Misbruik: zwart bijklussen ondanks bijstand, liegen over niet samenwonen voor hogere
uitkering en studenten die zeggen dat ze uitwonend zijn ondanks dat ze nog bij hun ouders
wonen.
Maatregelen hiervoor zijn:
Stimuleren om te gaan werken door verlaging van loonbelasting of verhogen van
pensioengerechtigde leeftijd.
Verantwoordelijkheid delen: werkgevers zelf het loon van zieke werknemers te vergoeden,
zodat de werkgevers zorgen voor goede arbeidsomstandigheden. Verhoging van eigen risico
bij de zorgverzekering.
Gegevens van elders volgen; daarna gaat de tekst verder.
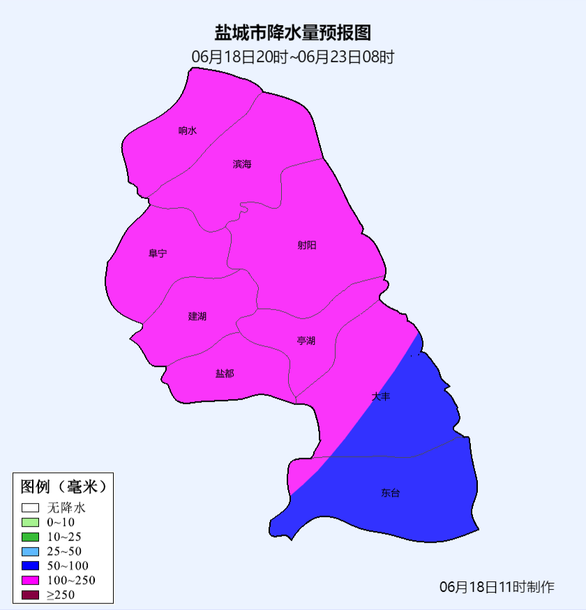 6月18日20時-23日08時全市降雨量預報圖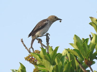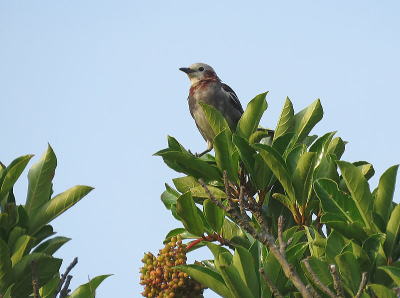 | コムクドリ[7月12日] 居たのは10羽ほどでした | コムクドリ[7月12日] まだ青い実を食べていました | |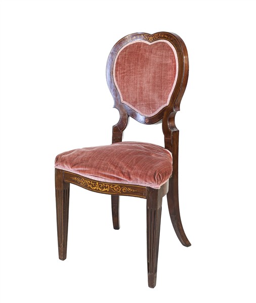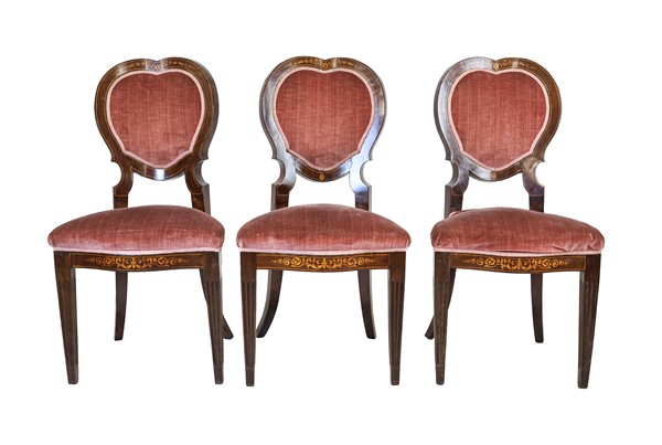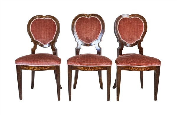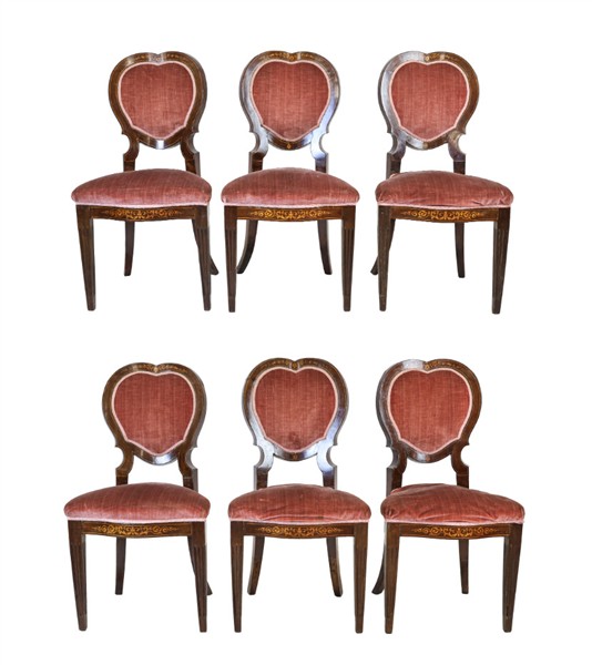 Gruppo di sei sedie in mogano con schienale sagomato, filettato e intarsiato in legno chiaro con decoro fitomorfo, gambe anteriori scanalate e posteriori a sciabola (difetti)
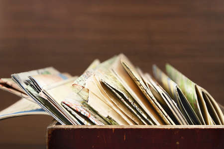 Vintage background with old letters, paper and photos. Retro letters and envelopes.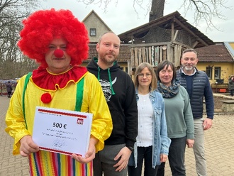 (v.l.n.r.: Erzieher Martin Richwien im Clownskostüm, Elternsprecher Maik Stelzer, Schulleiterin Liesa Kötz, Sekretärin Sabine Kruspe und Bürgermeister Matthias Reinz)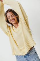 Lola 100% Cotton Scoop Neck Drop Shoulder Knit Sweater in Lemon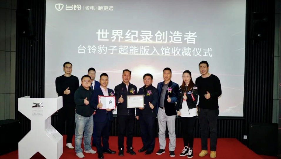 深圳市工業展覽館副館長潘文峰,深圳電動車產業促進委員會執行會長楊華,台鈴集團董事長孫木鉗、總裁助理兼公關總監胡東文及眾多媒體齊聚深圳市工業展覽館,參加了以「科技台鈴 超能領跑」為主題的世界紀錄創造者——台鈴豹子超能版入館收藏儀式。

En geen studiefinanciering meer als je er langer over doet.
Meer controleren d.m.v. inspecties
2 nieuwe uitdagingen:
Nieuwe risico’s: bijv. door flexibilisering zijn er meer onzekerheden en is (bij)scholing soms
nodig. Wie is hier verantwoordelijk voor? En nu werken meestal beide ouders. Dus zou
kinderopvang gratis moeten zijn voor hen?
Verhouding tussen generaties: door vergrijzing en ontgroening betalen steeds minder
mensen AOW en de zorgkosten stijgen. Solidariteit tussen de generaties is hard nodig.
Wie zorgen voor de ouderen:
Op microniveau: in noodsituaties is dit vaak de familie, maar als er langdurige zorg nodig is
lukt dat meestal niet.
Op macroniveau: door de vergrijzing zal het in de toekomst moeilijk worden om de
gezondheidszorgkosten te kunnen dragen.
Als je collectief kijkt naar de verzorgingsstaat dan vind je dat iedereen recht heeft op de
voorzieningen. Wanneer je individualistisch denkt, dan krijgen alleen de mensen die het echt nodig
hebben recht op bepaalde voorzieningen.